A relação com os chefes também mudou. “Estão preocupados em informar, explicar quais são as fake news, mas fazem questão de manter a distância na hora da conversa”, diz uma enfermeira. Os setores que estão tendo atividades reduzidas estão remanejando seus colaboradores. A escala de folgas, por enquanto, não foi alterada.

Na volta pra casa, de olho na proteção

Além do receio de contaminação, os profissionais de saúde também se preocupam em não levar o vírus para casa. Quando volta para casa, Luiz Cláudio Lacerda Rodrigues tira os sapatos e passa direto para a lavandeira. O médico de 42 anos coloca para lavar toda a roupa que usou durante o dia. Tudo separado das outras peças. Em seguida, vai tomar banho. Só depois, ele abraça e beija a mulher Glayce e os filhos, Luiz Felipe, de 18 anos, e Julia, de 9 anos. Antes não era assim. O abraço na família era obrigatório logo na chegada. Praticamente todos os profissionais ouvidos pelo Estado relatam hábitos semelhantes após o coronavírus.

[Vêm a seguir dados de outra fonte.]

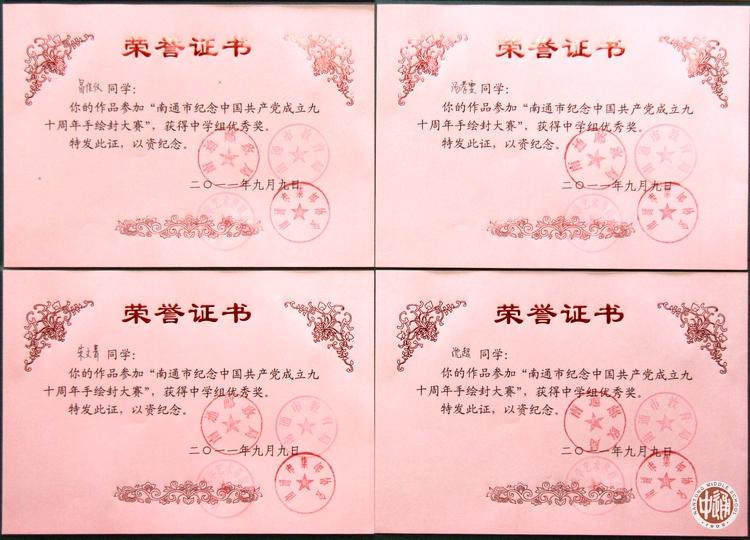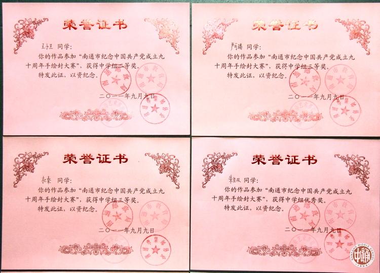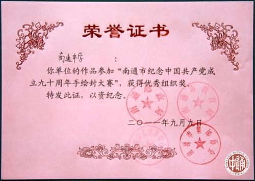 由南通邮政局、南通市教育局、南通市文联、南通市集邮协会联合举办的“纪念中国共产党成立九十周年”手绘纪念封大赛结果近日揭晓,南通市(五县四区)中学组设一等奖1名、二等奖5名、三等奖30名。

Uma enfermeira do Hospital Nove de Julho tomou uma atitude radical: decidiu usar as economias para alugar um apartamento e ficar longe dos pais por dois meses. Ela está indo para o Jabaquara enquanto o pai, de 62 anos, e a mãe, 56, vão continuar na zona norte. O aluguel de R$ 1100 não vai pesar no orçamento. No último ano, ela vinha guardando toda renda extra mais 30% do salário religiosamente. Seu projeto era comprar uma apartamento novo. “Eu, enfermeira profissional, não posso cuidar deles de perto, mas elimino uma possível culpa caso algo acontecesse a eles”, explica a enfermeira.

Aplauso coletivo

Na noite desta quinta-feira, 19, brasileiros foram às suas janelas para aplaudir os profissionais da área de saúde pelo seu trabalho na linha de frente da luta contra o covid-19. O movimento foi convocado por internautas nas redes sociais e também por meio de mensagens no aplicativo Whatsapp usando a hashtag #aplausosnajanela.

Algumas cidades já realizaram o ato e uma nova convocação havia sido feita para esta sexta-feira. O texto de convocação diz que “enquanto estamos protegidos em casa, os profissionais da saúde estão enfrentando essa crise onde muitos estão se contaminando”. As características do ato são as mesmas: abrir as janelas de casa, varandas e portas, para um longo aplauso aos médicos, enfermeiras e outros profissionais de saúde que combatem a doença.

“O povo brasileiro bate palmas para os trabalhadores e trabalhadoras da saúde que estão na linha de frente da luta contra o coronavírus. Que demonstração de reconhecimento social. O Brasil tem jeito!”, escreveu Juliano Medeiros nas redes sociais.

O movimento ganhou o apoio de artistas, como a cantora Preta Gil. “Aplausos para os profissionais de saúde que estão bravamente cuidando de nós. Salva de palmas #profissionaisdasaude”, escreveu a cantora nas redes sociais.

O movimento começou na Itália, país com maior número de vítimas na Europa. Na tarde de sábado, 14, eclodiu uma salva de palmas em todo o país para os médicos que estão na linha de frente da batalha contra a epidemia. Os italianos continuam numa espécie de prisão domiciliar com as restrições extraordinárias decretadas para evitar o contágio. A ação também se repetiu nas janelas da Espanha e de Portugal, também motivada pelas redes sociais.